若手プロダクト作家や地域の産業を支える作り手たちの現場とフィロソフィー。

writer's profile

Tomohiro Okusa

大草朋宏

おおくさ・ともひろ●エディター/ライター。東京生まれ、千葉育ち。自転車ですぐ東京都内に入れる立地に育ったため、青春時代の千葉で培われたものといえば、落花生への愛情でもなく、パワーライスクルーからの影響でもなく、都内への強く激しいコンプレックスのみ。いまだにそれがすべての原動力。

民芸を受け継いだエッグベーカーのある風景。

JR玉造温泉駅をおりて、歩いて1分ほどで現れる古い風情を残した陶芸の工房。
店内には商品が所狭しと、重なり合いながら並べられている。
商品を飾り立てるようなディスプレイというよりも、
実用のための陶器をありのままに陳列している店舗であることがわかる。
ここは布志名焼を製陶している湯町窯。
奥には工房もあり、現在は3代目の福間琇士さんと4代目の福間庸介さんが
器や茶碗づくりにはげんでいる。

雑然と並べられていても、どこか美しさを感じさせる食器たち。

島根県の布志名という宍道湖岸で江戸時代にはじまり、
伝えられてきた布志名焼。
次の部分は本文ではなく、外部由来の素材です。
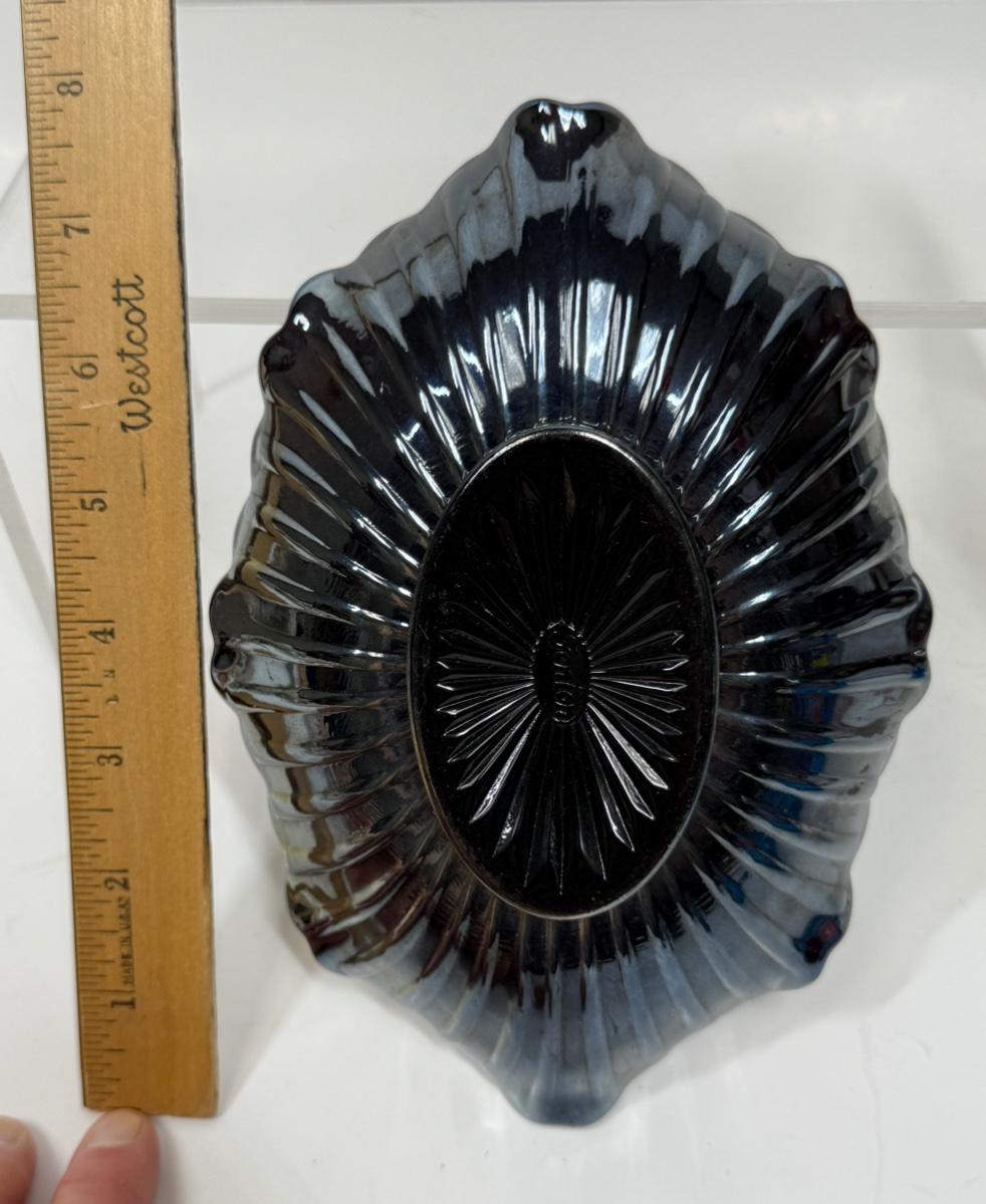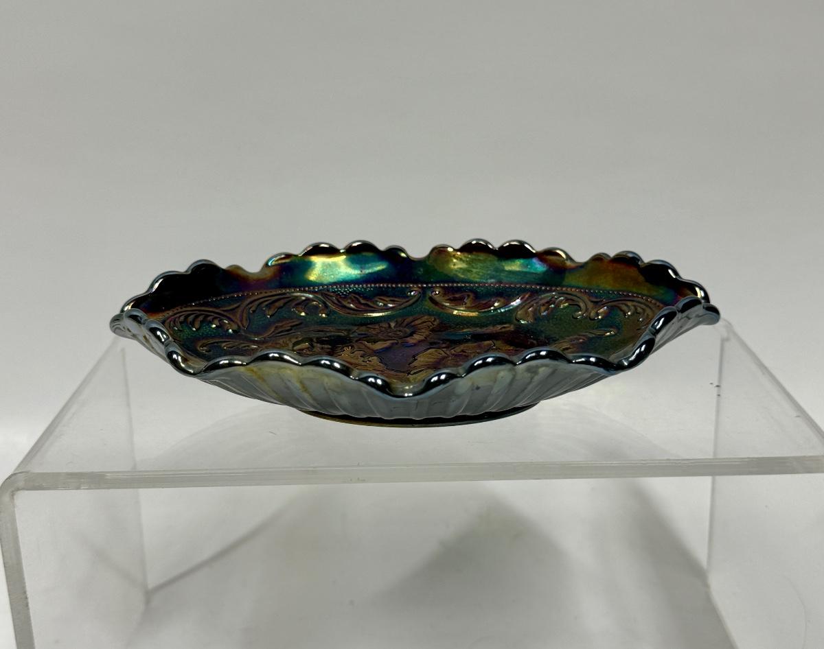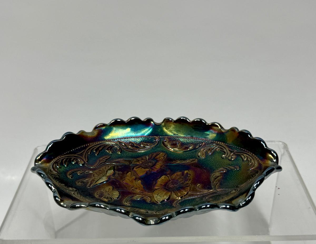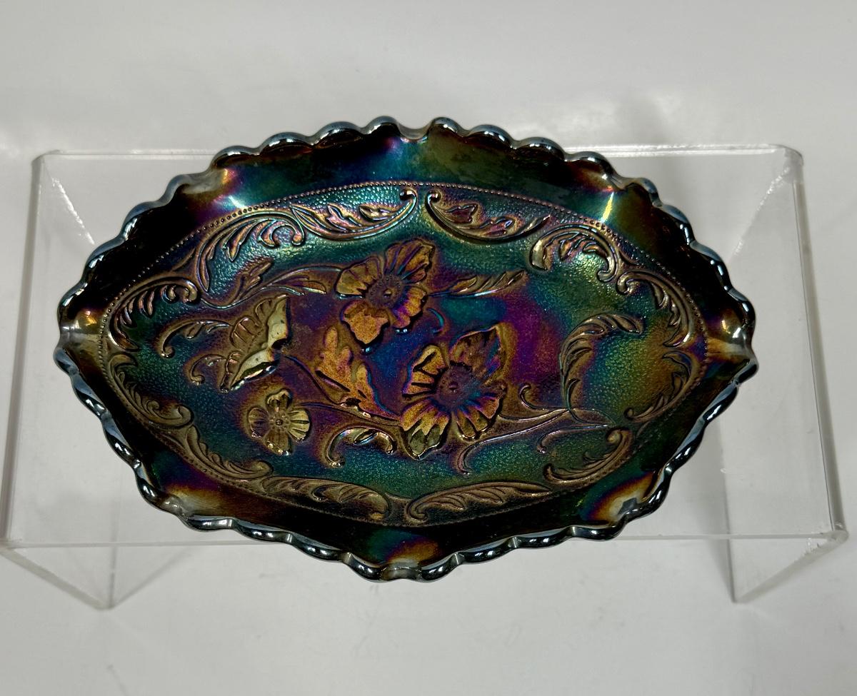 Fenton Opalescent Oval Dish with Scalloped Rim Amethyst Carnival Glass Poppy Flower Design Greens Purples, Blues

来待(きまち)や凝灰岩(ぎょうかいがん)といった釉薬の原料、
そして土台となる土が近くで取れることもあり、
この地で陶芸が興ったのも必然だったのかもしれない。
そのなかで、湯町窯は大正11年11月11日に開窯。
初代の福間善蔵さんは主に火鉢をつくっていた。当時は暖房としてのほかに、
炭火を使ったり、灰皿にしたりと生活必需品だったという。

洋風のカップも湯町窯の特徴。持ちやすいハンドルが付けられたマグカップは人気商品だ。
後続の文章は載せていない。